Then the disk control unit 204 transmits the status information
indicating the completion of writing the write-data to the host
device HC via the host control unit 201 (B308).
[0037] FIG. 5 is a diagram for illustrating an example of a medium
write process by the storage device according to the first
embodiment. For example, as shown in FIG. 5, the host control unit
201 receives write-data WD to be written onto four logical sectors
of from start LBA 4 to end LBA 7. In this case, the disk control
unit 204 determines whether cache data CD[4-7] corresponding to
logical sectors of LBAs 4 to 7 out of cache data CD read by the
buffer control unit 203 and the write-data WD coincide. Then, if
the cache data CD[4-7] and the write-data WD coincide, the disk
control unit 204 does not perform the medium write process of
writing to-be-written data D onto the disk 101.
[0038] Referring back to FIG. 3, if the total size of logical
sectors that are the write destination for the write-data is
greater than the size of a physical sector (Yes at B304), the disk
control unit 204 determines whether part of the write-data
coincides with part of cache data (B309). If part of the write-data
does not coincide with part of cache data (No at B309), the disk
control unit 204 performs a medium read process of reading data of
physical sectors that are the write destination for the write-data
(B305). On the other hand, if part of the write-data coincides with
part of cache data (Yes at B309), the disk control unit 204
performs a medium read process of reading data (including data
missing from the cache data) stored on the physical sector
including logical sectors storing the other data not coinciding
with part of the cache data out of the received write-data
(B310).
[0039] Then the disk control unit 204 performs a data compare
process of determining whether the read-data read at B305 and the
write-data coincide (B306). Or the disk control unit 204 performs a
data compare process of determining whether the cache data and the
read-data read at B310 coincide with the received write-data
(B306). If the read-data read at B305 (or the cache data and the
read-data read at B310) does not coincide with the write-data (No
at B306), the disk control unit 204 performs the medium write
process of writing the write-data as to-be-written data onto the
disk 101 (B307). Then the disk control unit 204 transmits the
status information indicating the completion of writing the
write-data to the host device HC via the host control unit 201
(B308).
[0040] On the other hand, if the read-data read at B305 (or the
cache data and the read-data read at B310) coincides with the
write-data (Yes at B306), the disk control unit 204 does not
perform the medium write process of writing the write-data as
to-be-written data onto the disk 101. Thus, the influence on
written data around the area onto which the write-data would be
written and the influence of the ATI can be prevented (or
suppressed). Further, with assuring writing the write-data onto the
disk 101, the status information is transmitted to the host device
HC instantaneously, and thus the performance of the storage device
can be improved. Then the disk control unit 204 transmits the
status information indicating the completion of writing the
write-data to the host device HC via the host control unit 201
(B308).
[0041] If the total size of logical sectors that are the write
destination for the write-data is larger than the size of a
physical sector and if partial write-data (an example of fifth
data), which is part of the write-data, coincides with part of the
read-data read at B305 (or the cache data and the read-data read at
B310), then the disk control unit 204 performs a medium write
process of writing only data other than the partial write data out
of the write-data as to-be-written data onto the disk 101. In other
words, the disk control unit 204 does not write the partial write
data out of the write-data onto the disk 101. As such, if the total
size of logical sectors that are the write destination for the
write-data is larger than the size of a physical sector and if the
partial write data coincides with part of the read-data read by the
medium read process, the process of writing all the write-data onto
the disk 101 is not performed. Thus, the influence on written data
around the area onto which the write-data would be written and the
influence of the ATI can be prevented (or suppressed).

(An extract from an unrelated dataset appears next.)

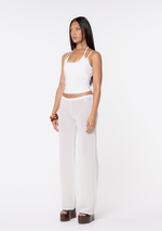 Introducing the JGR & STN Lucia Pant. Designed to be an easy to wear crochet pant. Featuring a thin waistband with adjustable side tie closures.

[0042] Here, a specific example of the medium write process in the
case where the partial write data coincides with cache data CD read
from the buffer BF or read-data RD read from the disk 101 will be
described using FIGS. 6 to 8. FIGS. 6 to 8 are diagrams for
illustrating another example of a medium write process executed by
the storage device according to the first embodiment.
[0043] An example where write-data WD for LBAs 8 to 23 has been
received will be described using, e.g., FIG. 6. Here, it is
supposed to write and read-data in minimum units of eight sectors
(eight LBAs) onto and from the disk 101. That is, the received
write-data WD is to be written onto two physical sectors of the
disk 101. If partial write data WD[8-15] for LBAs 8 to 15 out of
the write-data WD coincides with cache data CD[8-15] (or read-data
RD[8-15]), then the disk control unit 204 performs the medium write
process of writing only data other than the partial write data
WD[8-15] (i.e., partial write data WD[16-23]) out of the write-data
WD as to-be-written data D onto the disk 101.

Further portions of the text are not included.